Anatomy of a widget¶
A widget is a folder under app/widgets/. The shell only ever looks at one file — widget.config.ts, which must export const manifest. Everything else in the folder is yours to organize.
app/widgets/my-widget/
├── widget.config.ts ← the manifest (the only file the shell reads)
├── Component.tsx ← your React component
├── icon.svg ← the launcher icon
└── … ← anything else you need
A folder whose name starts with _ is skipped by auto-discovery — that's how _template stays out of your app.
The manifest¶
export interface WidgetManifest {
id: string
label: string
description?: string
icon: string
icons?: Partial<Record<IconSurface, string>>
surfaces: WidgetSurface[]
defaults?: WidgetDefaults
component: ComponentType
}
| Field | Type | Description |
|---|---|---|
id |
string |
Globally-unique slug. A duplicate id throws at boot |
label |
string |
Display name (panel header, tooltip, mobile carousel) |
description |
string |
Optional tooltip text |
icon |
string |
The launcher glyph (imported SVG) |
icons |
per-surface map | Optional per-surface icon overrides (below) |
surfaces |
('top-bar' \| 'left-panel' \| 'floating')[] |
Which surfaces the widget may be placed on |
defaults |
WidgetDefaults |
Default placement options (below) |
component |
ComponentType |
Your React component |
defaults¶
| Field | Type | Default | Description |
|---|---|---|---|
panelWidth |
number |
320 |
Width of the widget's panel (top-bar / left-panel surfaces) |
size |
'small' \| 'medium' \| 'large' |
'small' |
A size hint |
hasUI |
boolean |
true |
Whether the widget has a pop-out UI (set false for action-only floating widgets) |
chromeless |
boolean |
false |
Floating only — render the pop-out without the shared header (the widget draws flush to the edges). Search uses this |
stayOnMobile |
boolean |
false |
Floating only — keep the pop-out over the map on mobile instead of routing to the bottom sheet |
Surfaces¶
A widget declares the surfaces it supports; you place it by adding its id to the matching array in settings.ts. Placing a widget on a surface it doesn't declare throws at boot.

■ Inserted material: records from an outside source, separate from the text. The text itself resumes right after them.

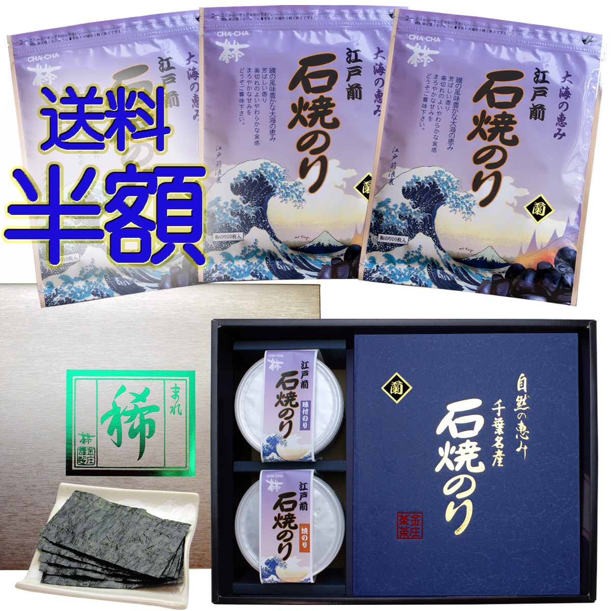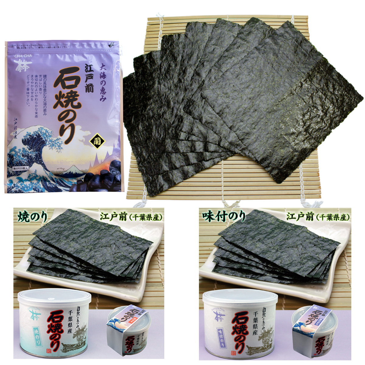磯の風味豊かな色艶良く柔らかで、旨みのある特上の江戸前ちば海苔を、熱した石でじっくりと自然の風味豊かに焼き上げた焼き海苔です。そして8切にした味付海苔としそ風味の詰合せです。開封後も残った海苔を保存しやすいように、アルミチャック袋入りと丸缶入り。
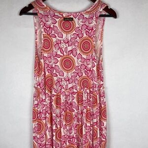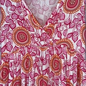 Matilda Jane Skyride Babydoll Medallion White, Pink and Orange Floral V-Neck Sleeveless Tank Top, Small, EUC. In excellent condition without rips, tears or stains. When laid flat, this top measures 16” across from pit to pit and has a length 29” from the top of the back collar to the hem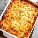 To reheat, cover individual portions or the entire dish with foil and warm in a 350ºF oven until heated through, about 20 minutes. Removing the foil for the last few minutes helps revive that cheesy, bubbly crust. Microwaving works too, but the oven keeps the best texture.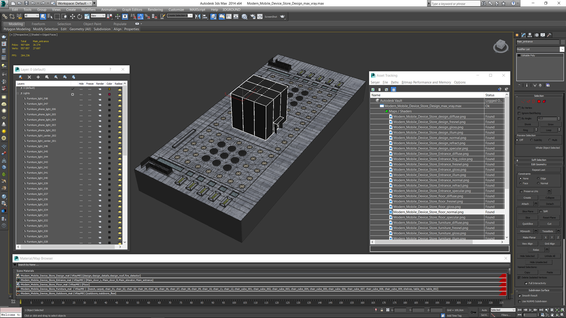 Modern Mobile Device Store Design is a high quality, photo real 3d model that will enhance detail and realism to any of your rendering projects. The model has a fully textured, detailed design that allows for close-up renders, and was originally modeled in 3ds Max 2020 and rendered with V-Ray. Renders have no postprocessing!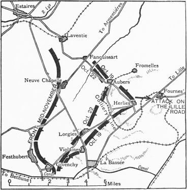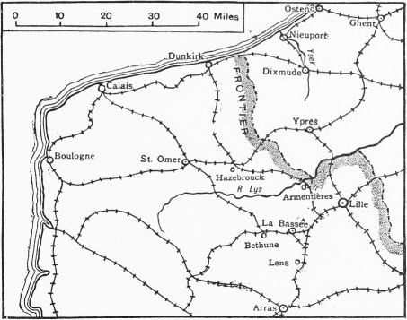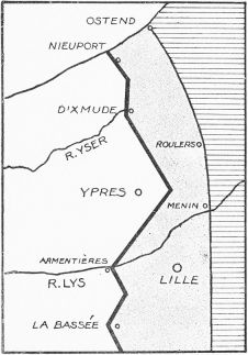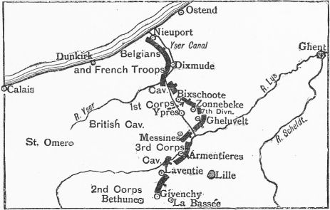 Back they were thrust, but not in rout, to the plateau beyond the Aisne, where, in a position of great strength, they were forced to fight, against all their traditions, on the defensive. For weeks they were besieged, but day by day their entrenchments were strengthened until they resembled fortresses. All the courage and skill and patience of the attackers could not bolt them from these burrows by means of frontal attacks. Then an attempt was made to outflank them by a northward movement of the Allied left. As this movement proceeded, a similar manoeuvre was begun by the foe. Each side attempted to outflank the other, and a feverish race set in for the North Sea, where both flanking movements must perforce end. Three French armies were strung out northwards as far as the La Bassée canal; the British army was transferred from the Aisne to fill the gap beyond; and a new army was collected and hurried to the assistance of the Belgians, who extended the line to the sea. The Allies just won the race, and the Germans found themselves besieged once more, this time on a line of trenches some 450 miles in length. For months to come they strove to break through the Allied lines; with what success future pages of this history will tell.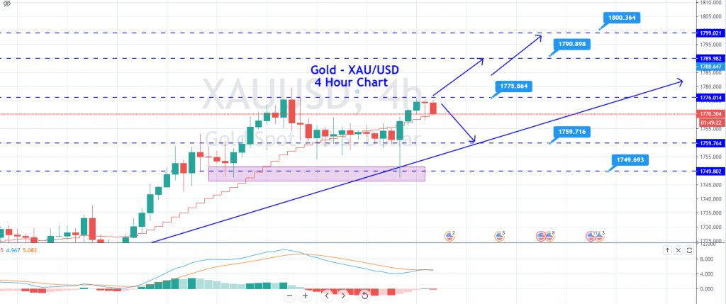 At the moment, the yellow metal is trading at 1,767 level, staying right above a support level of 1,760. Over this level, the precious metal gold can lead the XAU/USD prices towards 1,773 and 1,778 while support continues to hold around 1,767 and 1,758. Let’s focus on 1,778 levels, and violation of this will drive movement in the market. Stay tuned for trading signals and more trade ideas today. Good luck!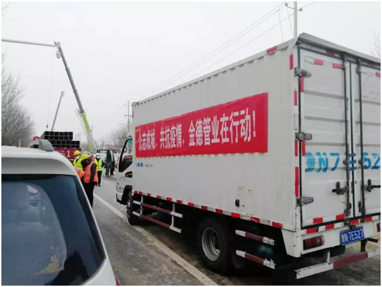 1月28日晚9點,金德管業對河南鄭州“小湯山”醫院援助計劃正式展開。金德管業山東工業園總經理楊洋和相關負責人放棄休假,帶領各部門員工連夜安排援助物資裝車。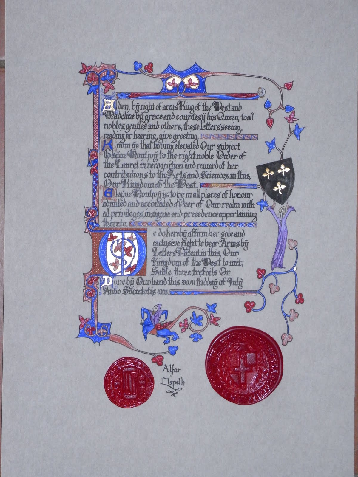 There are a few things that I think it would be a good idea to comment on, first I would prefer it if peerage scrolls are shown in stages but a final photograph of the completed scroll not put up until the recipient has seen the scroll. I have less concerns about AoA’s so but am open to comments about this.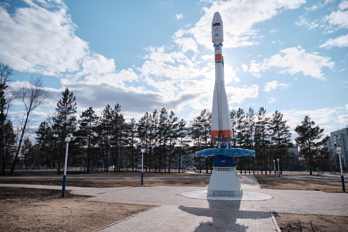 Амурчане и гости региона по прибытии в аэропорт Благовещенск будут знать — они прилетели в космический регион России. Перед зданием аэровокзала устанавливают 12-метровый макет ракеты-носителя «Союз-2». На нем красуется надпись: «Амурская земля — родина космодрома Восточный».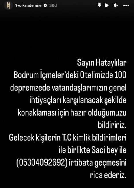 “Sayın Hataylılar, Bodrum İçmeler’deki otelimizde 100 depremzede vatandaşlarımızın genel ihtiyaçları karşılanacak şekilde konaklaması için hazır olduğumuzu bildiririz. Gelecek kişilerin T.C. kimlik bildirimleri ile birlikte Saci bey ile (05304092692) irtibata geçmesini rica ederiz.”

| Surface | Placement array | UI location |
|---|---|---|
top-bar |
topBarWidgets |
A side panel |
left-panel |
leftPanelWidgets |
A slide-out panel beside the map |
floating |
floatingWidgets |
A pop-out over a map corner |
Placement options¶
Each placement entry is a WidgetPlacement:
| Field | Type | Applies to | Description |
|---|---|---|---|
widgetName |
string |
all | The widget's id |
panelWidth |
number |
top-bar / left-panel | Overrides the manifest default |
size |
WidgetSize |
all | Overrides the manifest default |
header |
WidgetHeaderConfig |
top-bar / left-panel | Per-placement header override (showTitle, showDivider, titleColor) |
order |
number |
floating | CSS order within the corner (below) |
stayOnMobile |
boolean |
floating | Overrides the manifest default |
Floating placement¶
Floating widgets go in a slot keyed by corner:
floatingWidgets: [
{
slot: 'top-left', // 'top-left' | 'top-right' | 'bottom-left' | 'bottom-right'
direction: 'vertical', // stack direction (optional)
spacing: 8, // gap in px (optional)
widgets: [{ widgetName: 'search', order: -1 }],
},
],
MapLibre's native controls sit at order: 0, and it stacks corner items by source order with native controls first. So a negative order (e.g. -1) lifts your widget above the native controls in the same corner; a positive value pushes it below.
Connecting to the map¶
Use the hooks from @/core/hooks:
import { useMap, useMapReady } from '@/core/hooks'
const map = useMap() // the MapLibre map (or null before it exists)
const ready = useMapReady() // true once the style has loaded
Always gate map work on ready. For shared state across widgets, read the Zustand store via useStore from @/core/store (see Internals).
Icons¶
The launcher icon is an imported SVG. Conventions (from the template):
- Use a 24×24 viewBox,
fill="none", and a heavy stroke. - Floating-slot icons (rendered on the white control over the map):
stroke="#333333",stroke-width="2.5"to match MapLibre's native controls. A thinner/grayer stroke reads as washed-out next to them. - Themed top-bar / dark-surface icons: a light stroke (
white) atstroke-width="2"so they show on the colored bar.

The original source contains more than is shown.